## AVAILABLE DATA
*** Begin section ***

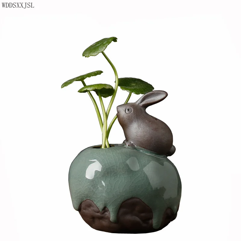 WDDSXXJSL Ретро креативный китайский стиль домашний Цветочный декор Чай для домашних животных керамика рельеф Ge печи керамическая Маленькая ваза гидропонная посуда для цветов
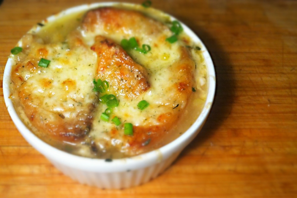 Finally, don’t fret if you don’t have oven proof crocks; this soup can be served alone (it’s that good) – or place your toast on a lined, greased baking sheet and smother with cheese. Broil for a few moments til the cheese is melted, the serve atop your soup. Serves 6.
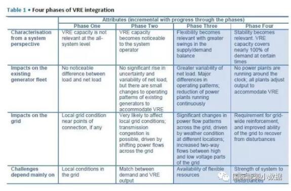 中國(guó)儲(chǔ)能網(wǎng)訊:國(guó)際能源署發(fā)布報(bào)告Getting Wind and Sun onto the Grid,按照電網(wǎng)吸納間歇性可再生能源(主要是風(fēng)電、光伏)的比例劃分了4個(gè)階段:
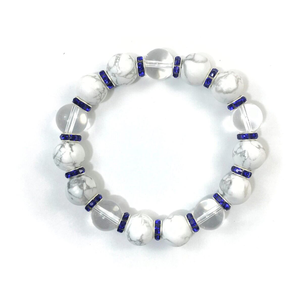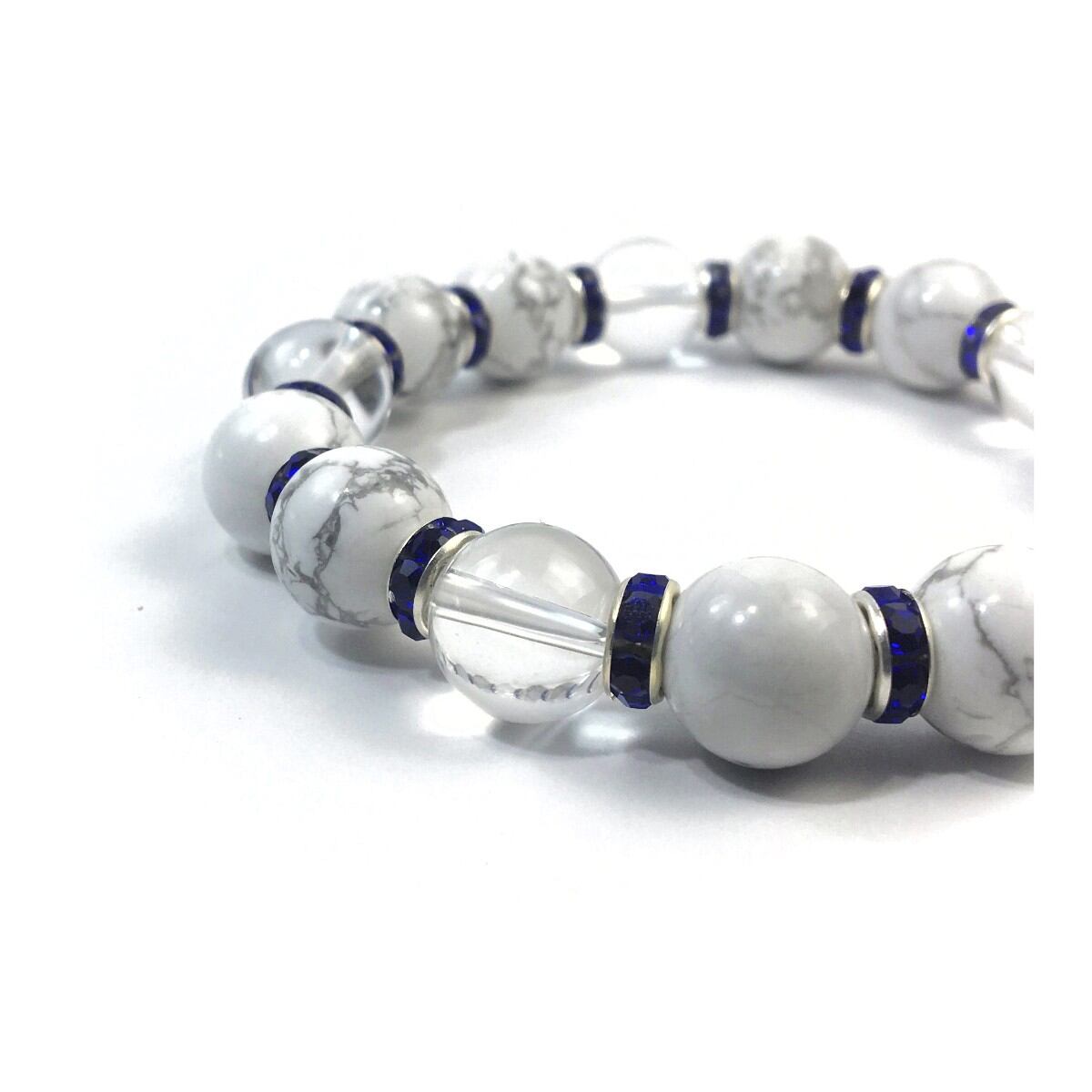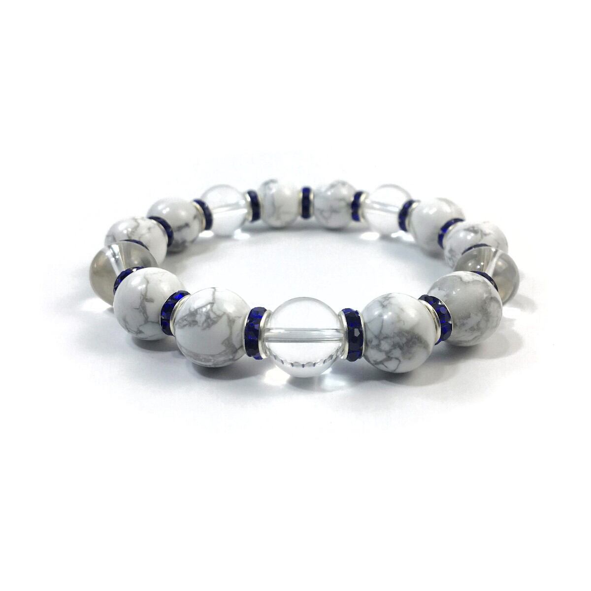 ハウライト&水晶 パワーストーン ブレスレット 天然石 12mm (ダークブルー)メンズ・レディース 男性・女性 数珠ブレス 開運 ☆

*** End section ***
*** Begin section ***

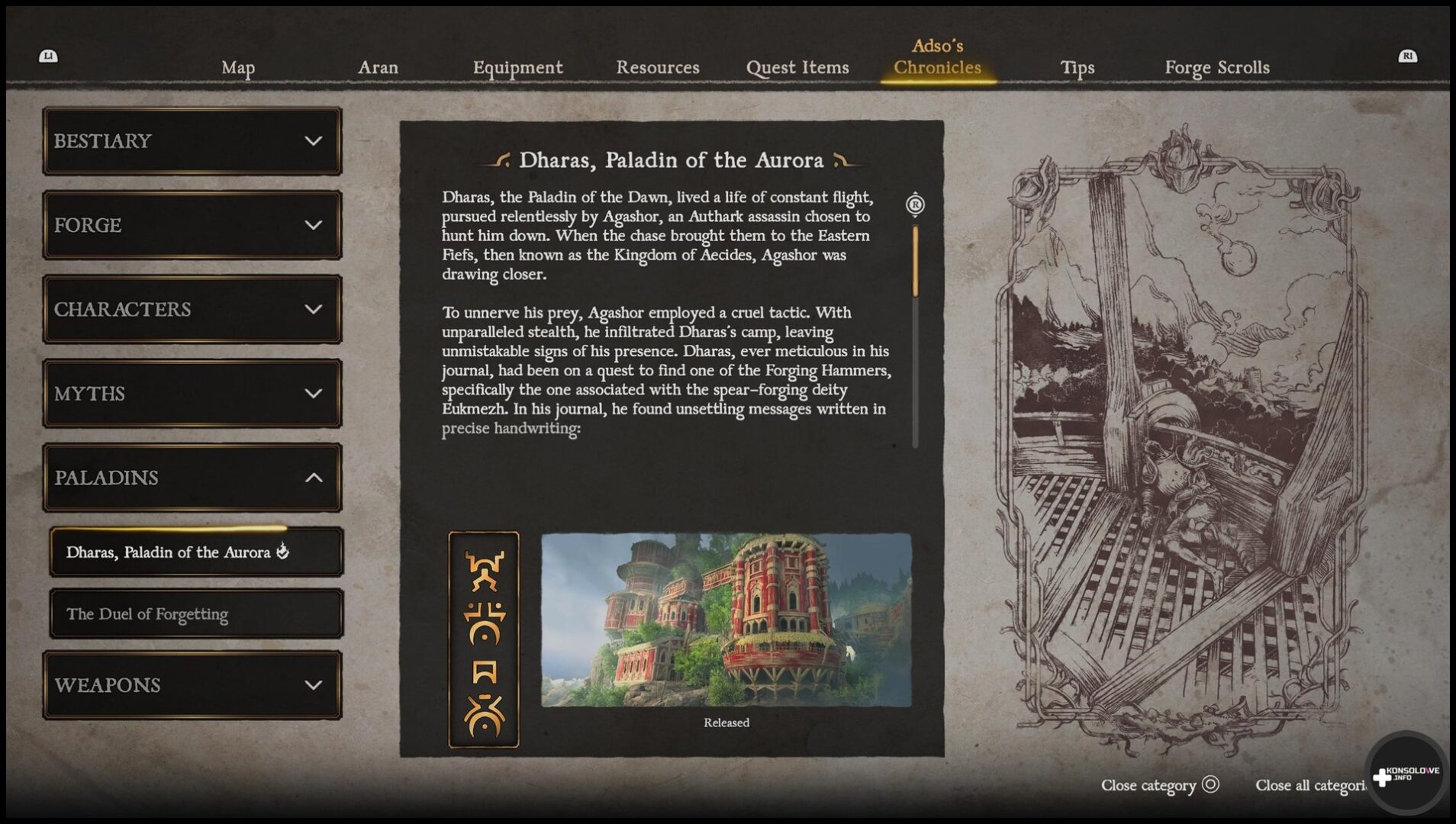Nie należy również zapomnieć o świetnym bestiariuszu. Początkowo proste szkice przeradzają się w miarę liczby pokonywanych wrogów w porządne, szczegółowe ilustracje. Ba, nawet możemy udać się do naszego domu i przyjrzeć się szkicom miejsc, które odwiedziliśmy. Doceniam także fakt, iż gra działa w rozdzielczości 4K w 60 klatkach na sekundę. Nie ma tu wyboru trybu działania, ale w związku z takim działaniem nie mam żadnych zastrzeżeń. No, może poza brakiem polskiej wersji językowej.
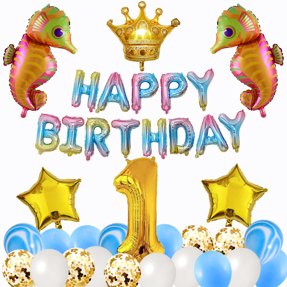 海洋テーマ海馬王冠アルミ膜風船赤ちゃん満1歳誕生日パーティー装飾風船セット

*** End section ***

## AIM OF THE EXERCISE
From the records above, transcribe exactly the lines starting at the one containing "WDDSXXJSL Ретро креативный" and ending at the one containing "中國(guó)儲(chǔ)能網(wǎng)訊:國(guó)際能源署發(fā)布報(bào)告Getting Wind and". Skip the pictures.

## ANSWER SECTION
 WDDSXXJSL Ретро креативный китайский стиль домашний Цветочный декор Чай для домашних животных керамика рельеф Ge печи керамическая Маленькая ваза гидропонная посуда для цветов
 Finally, don’t fret if you don’t have oven proof crocks; this soup can be served alone (it’s that good) – or place your toast on a lined, greased baking sheet and smother with cheese. Broil for a few moments til the cheese is melted, the serve atop your soup. Serves 6.
 中國(guó)儲(chǔ)能網(wǎng)訊:國(guó)際能源署發(fā)布報(bào)告Getting Wind and Sun onto the Grid,按照電網(wǎng)吸納間歇性可再生能源(主要是風(fēng)電、光伏)的比例劃分了4個(gè)階段:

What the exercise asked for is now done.